Meniere’s disease is a long-term condition of the inner ear that affects hearing and balance, and requires a trio of symptoms to make the diagnosis. About 1 in 1,000 people are affected by it, and most commonly occurs between the ages of 40 and 60 although it can occur at any age. One ear only is usually affected initially but about 40% of cases go on to affect both ears. (It is named after the French doctor who first described it in the 1860s.)
The first is vertigo, where you feel as though the environment is spinning around you, or that you are spinning when you are standing still. The second is tinnitus, a ringing in the ear, and you may also get a feeling of fullness or pressure in your ear. The third is hearing loss that comes and goes, usually affecting one ear at a time.
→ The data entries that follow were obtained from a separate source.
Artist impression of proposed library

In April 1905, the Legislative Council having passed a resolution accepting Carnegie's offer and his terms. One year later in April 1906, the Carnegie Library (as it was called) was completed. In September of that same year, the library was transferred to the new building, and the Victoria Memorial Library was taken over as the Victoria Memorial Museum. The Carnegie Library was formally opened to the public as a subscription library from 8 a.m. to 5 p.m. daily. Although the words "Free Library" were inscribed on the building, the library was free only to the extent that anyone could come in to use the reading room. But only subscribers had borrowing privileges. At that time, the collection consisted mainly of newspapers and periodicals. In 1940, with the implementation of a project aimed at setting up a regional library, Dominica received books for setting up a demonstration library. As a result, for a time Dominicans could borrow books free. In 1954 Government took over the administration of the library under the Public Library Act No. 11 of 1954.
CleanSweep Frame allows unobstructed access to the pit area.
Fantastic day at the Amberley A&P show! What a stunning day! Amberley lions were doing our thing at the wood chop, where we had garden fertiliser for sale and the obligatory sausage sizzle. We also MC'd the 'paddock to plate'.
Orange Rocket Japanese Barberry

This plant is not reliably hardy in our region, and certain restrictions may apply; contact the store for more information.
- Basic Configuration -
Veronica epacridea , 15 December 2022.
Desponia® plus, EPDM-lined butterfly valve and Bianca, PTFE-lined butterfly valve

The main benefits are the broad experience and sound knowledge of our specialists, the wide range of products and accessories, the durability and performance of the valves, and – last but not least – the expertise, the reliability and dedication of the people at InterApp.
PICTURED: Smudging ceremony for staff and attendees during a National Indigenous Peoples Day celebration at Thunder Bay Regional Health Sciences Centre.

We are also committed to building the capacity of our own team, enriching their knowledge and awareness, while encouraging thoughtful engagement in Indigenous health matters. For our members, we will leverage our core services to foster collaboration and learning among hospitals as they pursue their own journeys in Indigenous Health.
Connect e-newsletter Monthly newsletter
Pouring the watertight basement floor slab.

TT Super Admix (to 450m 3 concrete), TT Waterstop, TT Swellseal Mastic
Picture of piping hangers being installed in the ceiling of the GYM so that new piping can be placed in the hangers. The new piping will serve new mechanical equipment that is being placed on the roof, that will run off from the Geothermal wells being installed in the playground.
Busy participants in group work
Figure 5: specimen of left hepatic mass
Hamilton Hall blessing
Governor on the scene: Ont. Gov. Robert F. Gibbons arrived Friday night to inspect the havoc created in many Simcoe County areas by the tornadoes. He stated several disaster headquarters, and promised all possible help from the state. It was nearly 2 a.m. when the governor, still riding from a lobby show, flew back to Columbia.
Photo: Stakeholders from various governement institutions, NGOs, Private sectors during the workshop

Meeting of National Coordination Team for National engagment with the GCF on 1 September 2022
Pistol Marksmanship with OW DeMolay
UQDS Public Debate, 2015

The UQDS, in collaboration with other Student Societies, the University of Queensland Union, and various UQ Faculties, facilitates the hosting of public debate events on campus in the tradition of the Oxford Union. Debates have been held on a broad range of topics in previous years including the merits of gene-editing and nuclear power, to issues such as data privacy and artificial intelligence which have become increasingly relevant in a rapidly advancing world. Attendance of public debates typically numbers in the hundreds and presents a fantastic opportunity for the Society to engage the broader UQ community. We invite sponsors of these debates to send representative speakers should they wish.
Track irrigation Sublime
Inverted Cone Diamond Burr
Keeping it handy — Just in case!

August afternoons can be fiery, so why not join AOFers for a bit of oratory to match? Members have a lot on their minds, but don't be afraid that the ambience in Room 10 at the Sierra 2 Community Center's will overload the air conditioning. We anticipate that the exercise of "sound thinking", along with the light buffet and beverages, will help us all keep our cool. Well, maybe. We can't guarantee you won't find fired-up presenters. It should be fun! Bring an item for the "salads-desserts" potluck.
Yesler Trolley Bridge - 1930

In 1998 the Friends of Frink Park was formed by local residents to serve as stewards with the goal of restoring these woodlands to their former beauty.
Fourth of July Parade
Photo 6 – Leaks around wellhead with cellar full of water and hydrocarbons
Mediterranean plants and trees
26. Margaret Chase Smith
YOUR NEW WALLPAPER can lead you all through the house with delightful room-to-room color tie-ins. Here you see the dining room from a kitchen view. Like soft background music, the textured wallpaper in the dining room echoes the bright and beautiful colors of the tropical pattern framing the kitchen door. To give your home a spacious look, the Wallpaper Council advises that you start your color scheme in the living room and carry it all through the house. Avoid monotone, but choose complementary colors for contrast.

Meniere's typically come on without warning and episodes can last between 20 minutes and 24 hours - although the average length of an attack is 2-4 hours - causing severe nausea or vomiting. Unfortunately, Meniere's is a progressive disease that gets worse over time. The episodes may happen in clusters in a week or over months or even years, with most sufferers having 6-10 clusters a year. Some people only have vertigo without any hearing loss but hearing loss without vertigo is uncommon in Meniere’s.
The cause is not well understood but one popular theory is that a build-up of fluid in the tubes of the inner ear causes the symptoms. Other possible causes include autoimmune disease, head injury, allergies, viral infections and genetics.
There are only a few things that can be done to relieve symptoms yourself. The first is to be aware of the signs of dizziness and sit down immediately, to help alleviate the sensation. Avoid causing yourself any injuries from falls by walking in good lighting and taking things slow and easy.
Limiting your salt intake and caffeine, alcohol and tobacco intake are thought to be effective ways to help reduce the severity of symptoms. After an attack, it usually helps to lie down and rest. You should not drive during an attack.
Your doctor will examine your ears and the nerves in your head and neck. They will assess your balance, and they can refer you for a hearing test if you have constant hearing loss. Further investigations such as blood tests, and imaging of your head (CT or MRI scan) may be needed to rule out other serious causes of concern, such as multiple sclerosis or a tumour.
There is no specific cure for Meniere’s disease, but there are treatments available to help ease the symptoms caused by it so your doctor can prescribe you medication that can help with dizziness or nausea and vomiting.
If medication is not managing your symptoms, your doctor will refer you to an ENT specialist for further investigation. They may recommend treatments such as rehabilitation, positive pressure therapy or even surgery.
In about 70% of cases, the attacks will stop 5-10 years after they first started whatever treatment is used.